→ Data:
● ● ●
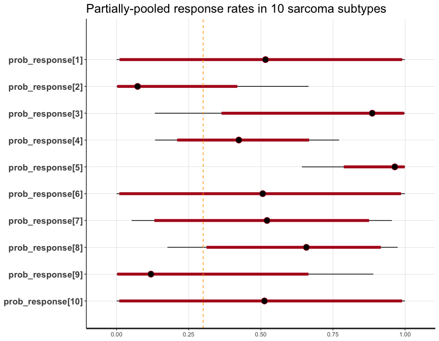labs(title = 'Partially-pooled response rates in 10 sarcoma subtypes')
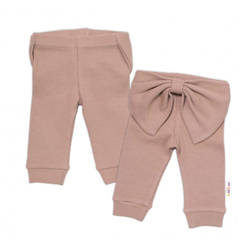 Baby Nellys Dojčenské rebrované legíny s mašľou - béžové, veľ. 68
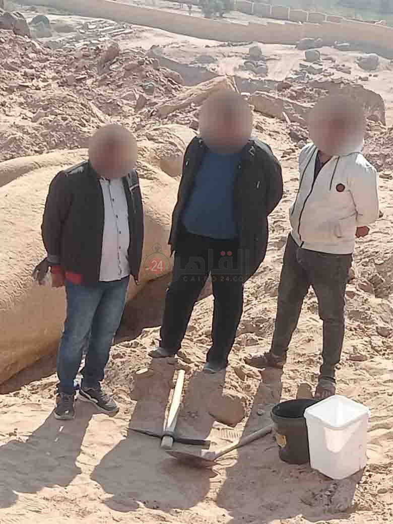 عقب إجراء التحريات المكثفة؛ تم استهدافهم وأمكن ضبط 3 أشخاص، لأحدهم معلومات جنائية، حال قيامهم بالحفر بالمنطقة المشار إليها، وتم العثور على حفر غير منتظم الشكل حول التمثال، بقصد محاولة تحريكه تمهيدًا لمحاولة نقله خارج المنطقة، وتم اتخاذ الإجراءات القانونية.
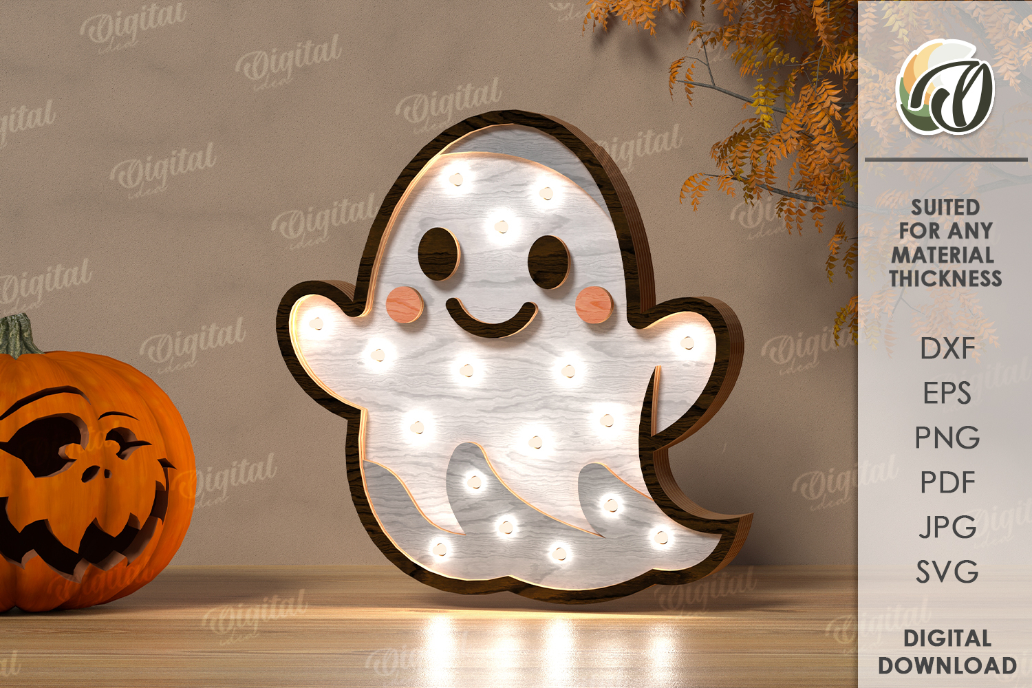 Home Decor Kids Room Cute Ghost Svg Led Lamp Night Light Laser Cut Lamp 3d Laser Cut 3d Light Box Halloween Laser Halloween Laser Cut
● ● ●
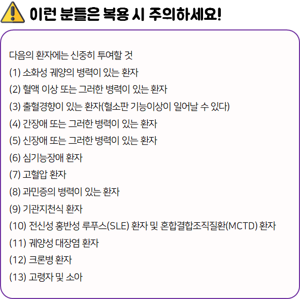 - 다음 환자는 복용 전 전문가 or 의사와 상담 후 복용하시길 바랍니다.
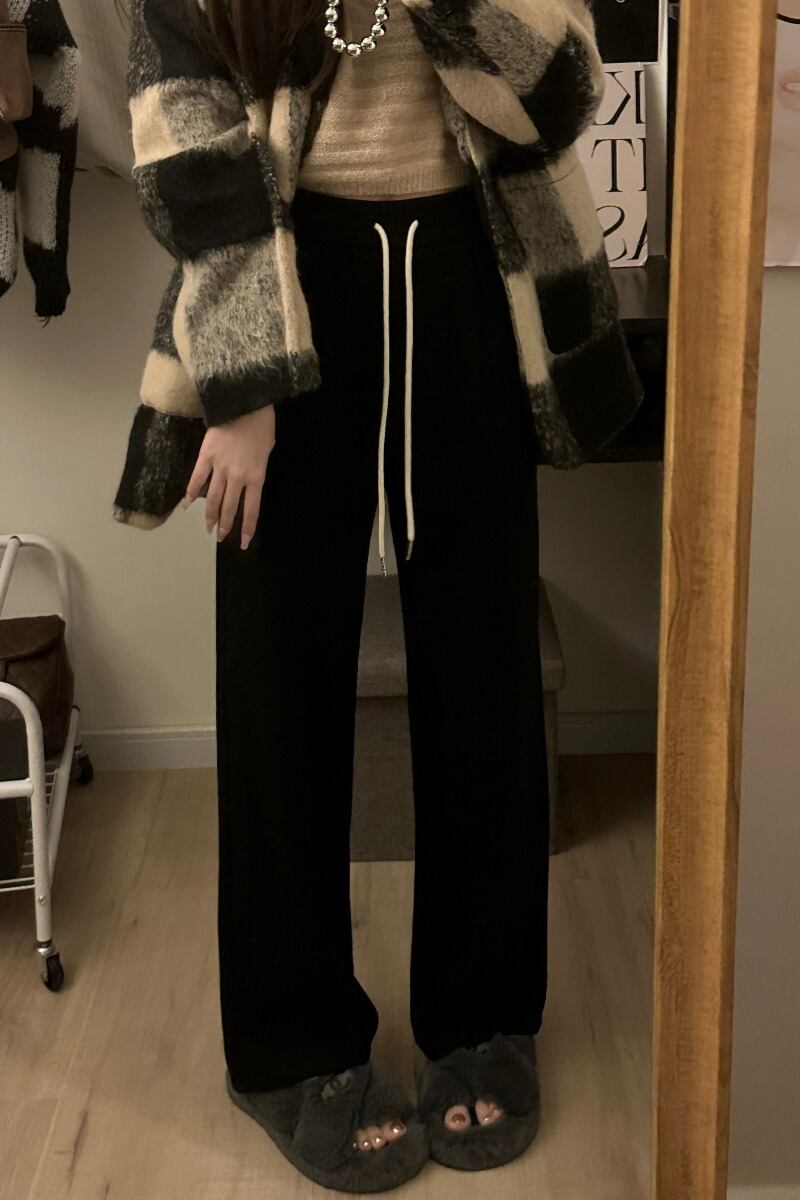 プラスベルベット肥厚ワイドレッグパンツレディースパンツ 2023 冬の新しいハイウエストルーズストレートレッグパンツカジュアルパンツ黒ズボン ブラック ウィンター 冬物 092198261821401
● ● ●
→ Your task: How would the lines above read from the one with "labs(title = 'Partially-pooled" to the one with "Baby Nellys Dojčenské", inclusive, with no pictures? Write them out exactly.

→ Result:
labs(title = 'Partially-pooled response rates in 10 sarcoma subtypes')
 Baby Nellys Dojčenské rebrované legíny s mašľou - béžové, veľ. 68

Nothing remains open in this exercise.